The researchers focused on Nepal, which they say provides an interesting backdrop for an investigation into marriage. Marriage has changed significantly in the country over the last few years: marrying for love (as opposed to arranged marriage) is now more common than it used to be, and rates of divorce and premarital cohabitation are also increasing in the country, though remain rare.
Data was gathered from a longitudinal study, where marital relationship quality and the educational and personal progress of children were tracked for twelve years. The first set of data was collected from 151 neighborhoods in the Western Chitwan Valley in 1996. The quality of relationships among married participants was measured by asking partners separately how much they loved their husband or wife on a three-point scale, and participants were also asked whether their spouse had ever beaten them.
To look at how parents’ relationships influenced children’s own marriage behaviour, the researchers then tracked the age at which children married over the next 10 years.

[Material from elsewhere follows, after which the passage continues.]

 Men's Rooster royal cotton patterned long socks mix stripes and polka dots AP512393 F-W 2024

In 2008, they also re-interviewed participants, asking mothers whether or not their children had dropped out of school, and if so at what age.

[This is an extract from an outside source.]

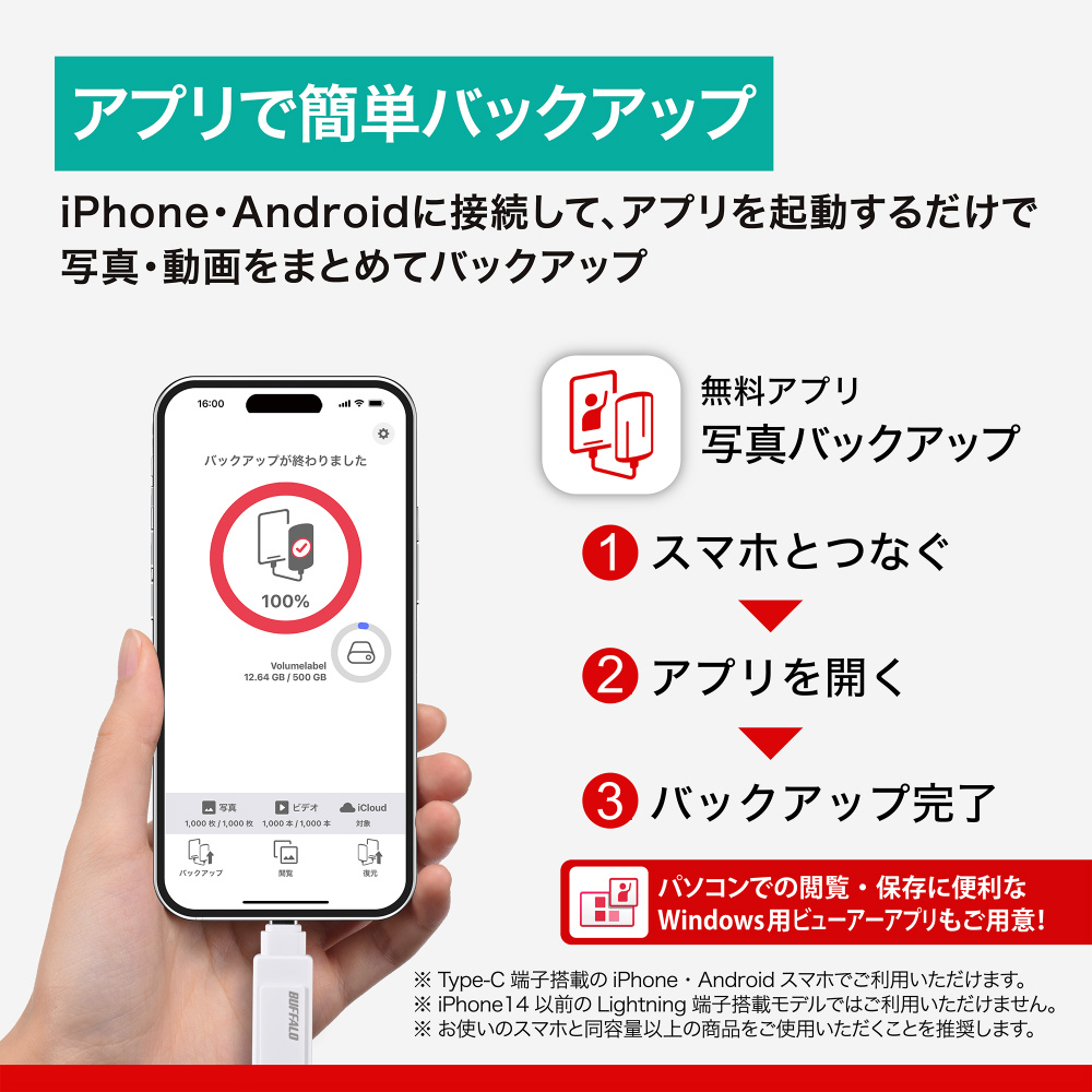 ・アプリの詳細(https://www.buffalo.jp/topics/special/detail/iphone-usb-backup.html)

The results suggested that marriage quality was in fact associated with children’s educational prospects. Children with parents who reported greater love for each other were less likely to drop out of school, whilst those whose parents reported less love were more likely to stop education. Children with parents who reported spousal violence were also more likely to drop out.
Educational outcomes were also related to both class and ethnicity: children from ethnic groups with higher social status, from wealthier households, or whose parents had higher educational backgrounds were more likely to remain in education. The relationship between marriage quality and children’s life outcomes was still significant after controlling for these factors.

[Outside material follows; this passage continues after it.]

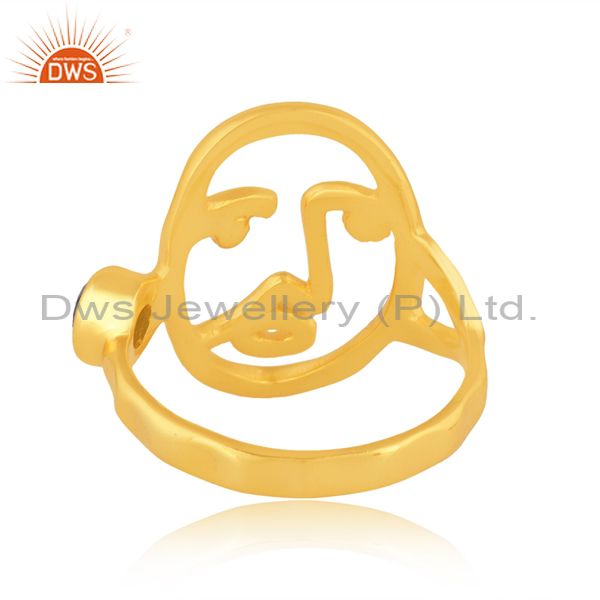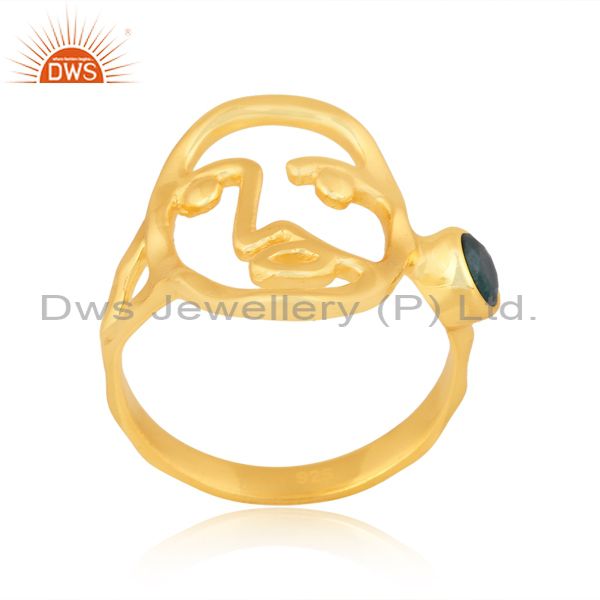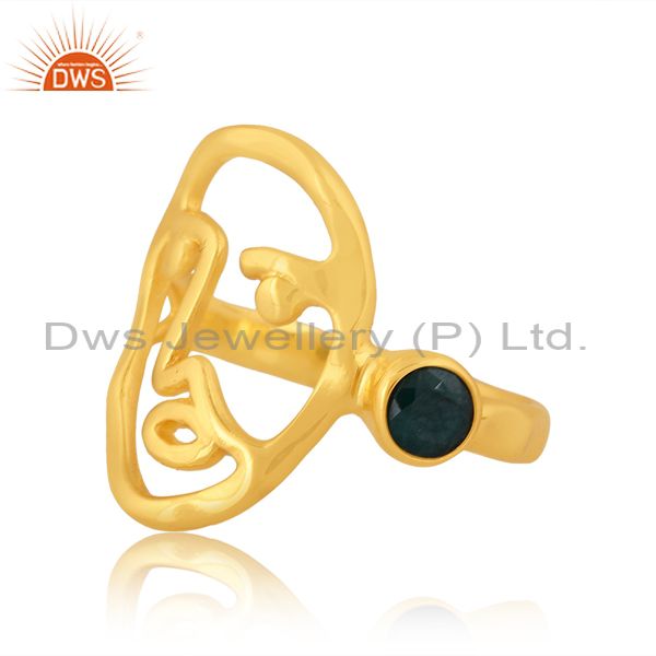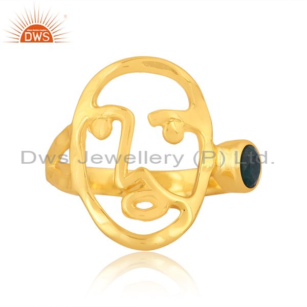 Emerald Set Gold On Silver Face Jewelry Gold On Silver Ring

Children’s own marriage timing was also linked to levels of their parents’ spousal love: the more positive the parental relationship, the later children got married. It’s important to note that in the context of the study, this was considered to be a good thing — in Nepal, later marriage can imply a better match, and that children feel less need to leave the family home at any cost.
So, as expected, the quality of parents’ marriages had a significant impact on their children, both in terms of educational attainment and on their own relationships later in life. However, the findings may not bear out in the rest of the world, where other cultural factors may come into play. There may also have been nuances that were missed in the measures. For instance, participants were asked only about instances of extreme conflict between spouses; conflicts or abuse may have occurred that were more subtle or less extreme than domestic violence, but that had an impact on children nonetheless. Similarly, educational attainment was measured only by when children dropped out of school, failing to take into consideration what students did after leaving school or the grades they achieved.
Limitations aside, the results do pose an interesting question about how spousal relationships impact children. It’s understandable that parents spend much of their time focusing on their interactions with their children — but looking at the way they feel about their partner may be just as useful.